When we consider the future of knowledge, we must consider whether something like knowledge can exist without a human mind to grasp it.
Some would argue that without interacting with consciousness, it is possible to have data and even information, but not real knowledge. Such a view flies in the face of the normal way we think about knowledge. What are the contents of Amazon’s massive databases and the forty million Wikipedia articles if not knowledge, abstracted from the human mind? And more intriguingly, would a next-generation artificial intelligence be said to possess knowledge?

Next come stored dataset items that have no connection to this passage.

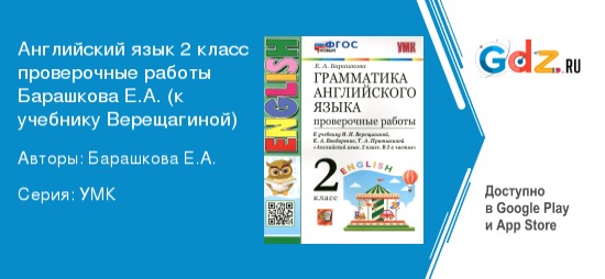 ГДЗ проверочные работы по английскому языку 2 класс Барашкова Е.А. (к учебнику Верещагиной) – материал, разработанный для учащихся второго года общеобразовательных школ. Уроки легки для освоения, однако из-за разнообразных обстоятельств ребёнок может иногда не поспевать за программой. В таких ситуациях лучше всего обращаться к помощи ГДЗ. Готовые ответы на домашние задания по рабочей тетради помогают проконтролировать знания школьника, улучшить его успеваемость, отметки за текущий период, а также повысить средний балл. Онлайн-решебник – куда более экономичный вариант, чем найм репетиторов.
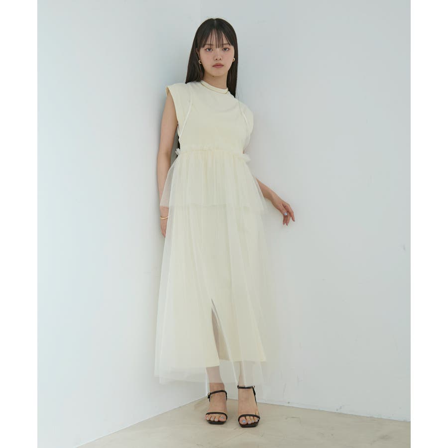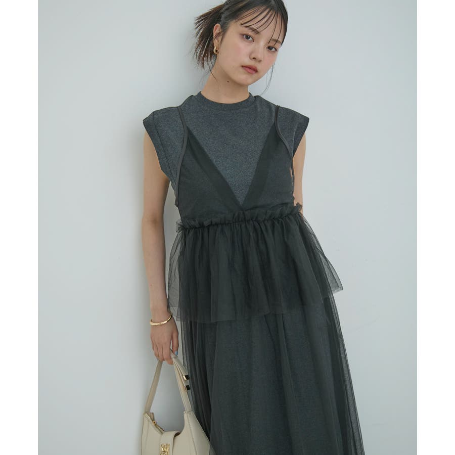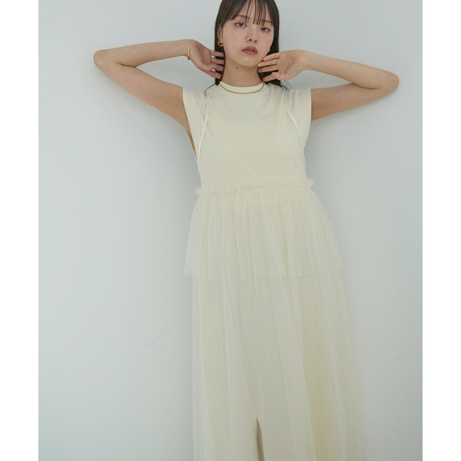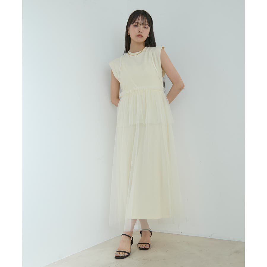 ◆2024春夏◆ 【デザイン・シルエット】 裏毛カットソーとトレンドのチュールをドッキングしたワンピース。
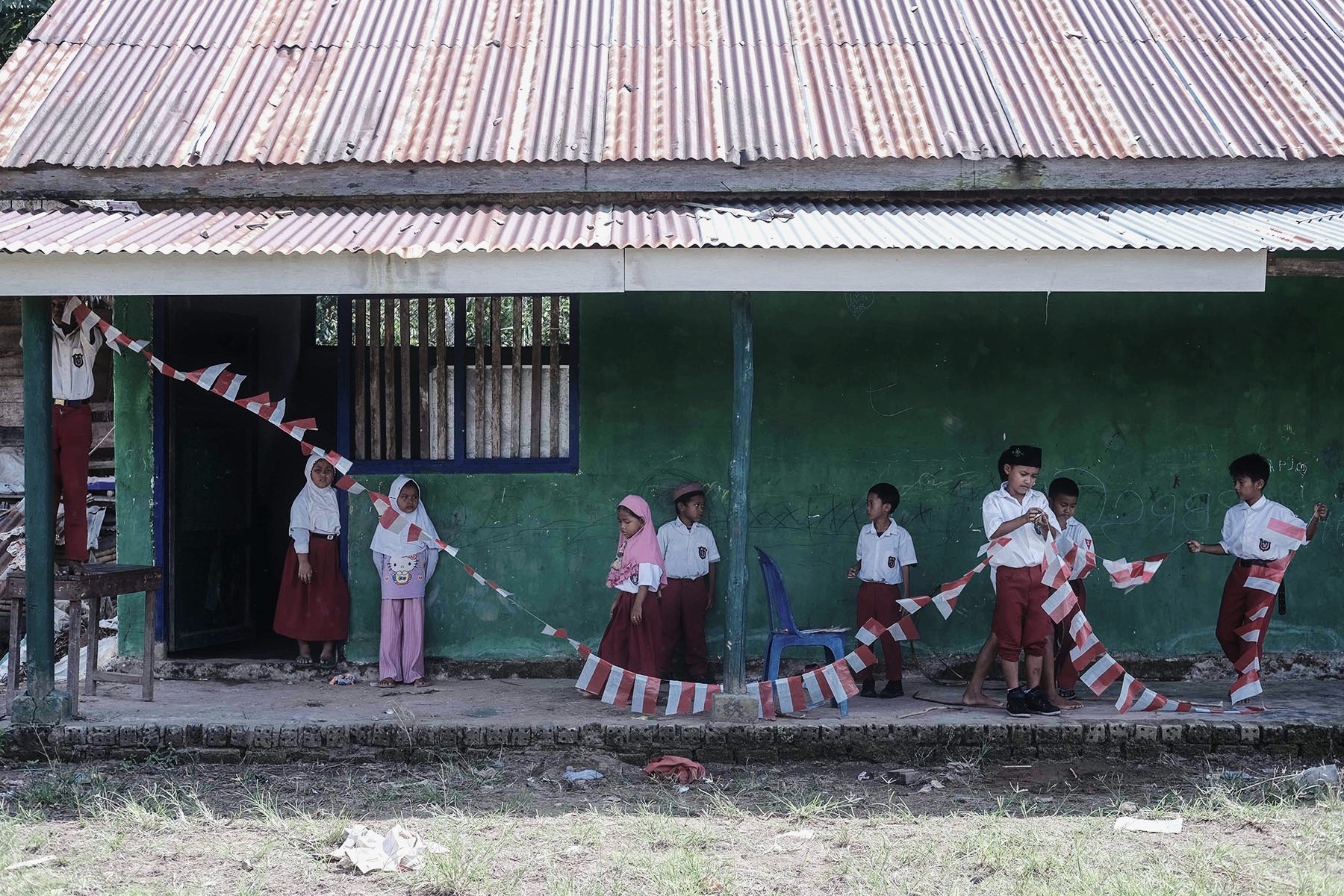 Murid-murid menghias sekolah mereka menyambut Kemerdekaan RI ke-77. (Project M/Prabu Rizki)
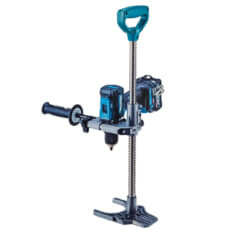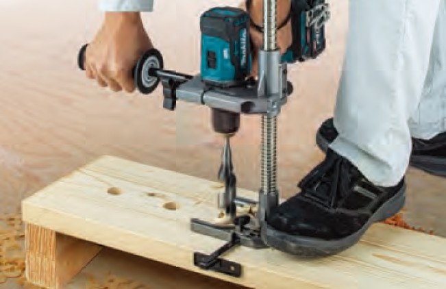 スタンドのベースを足で押さえつけて使用する構造になっているのが特徴で、可搬性に優れ木材への垂直穴あけを手軽にできるようになっています。最大対応ビット長400mm、最大ストローク375mmで、CLT材・LVL材用長尺ネジ締めの下穴あけ等にも最適です。
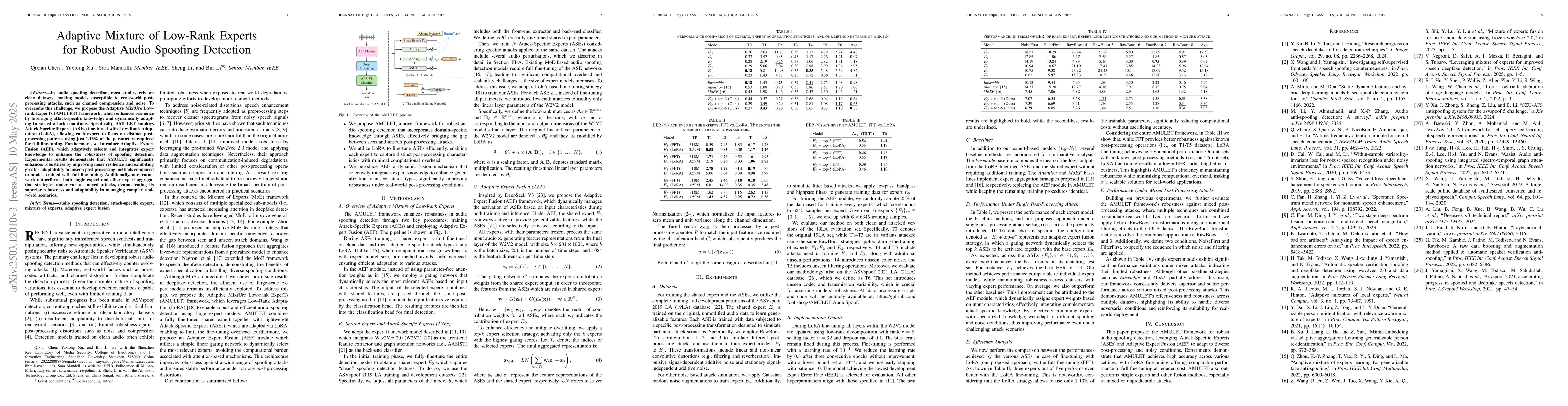 The paper proposes AMULET, a framework for robust audio spoofing detection that incorporates domain-specific knowledge through Attack-Specific Experts (ASEs) and employs Adaptive Expert Fusion (AEF). It trains a shared expert (E0) on clean data and adapts it to specific attacks using Low-Rank Adaptation (LoRA) for ASEs, avoiding significant computational overhead. AEF dynamically manages the activation of ASEs based on input characteristics.

Getting a Handle on Tacit Knowledge
For many of us, the word “knowledge” conjures up images of books, libraries and ancient Greek scrolls. But these images betray a certain lopsidedness in our understanding. In the 1960s, Michael Polanyi published a small but highly influential book called The Tacit Dimension, in which he introduced the concept of tacit knowledge. One way to explain tacit knowledge is that it is embedded within our bodies in subconscious ways that are impossible to explain. To learn how to ride a bike, you can read a book about it, but the only way to really embed that knowledge is through the experience of riding a bike. Polanyi contrasts tacit knowledge with what he called explicit knowledge, the kind we can not only explain, but even embed in our books, libraries and ancient Greek scrolls.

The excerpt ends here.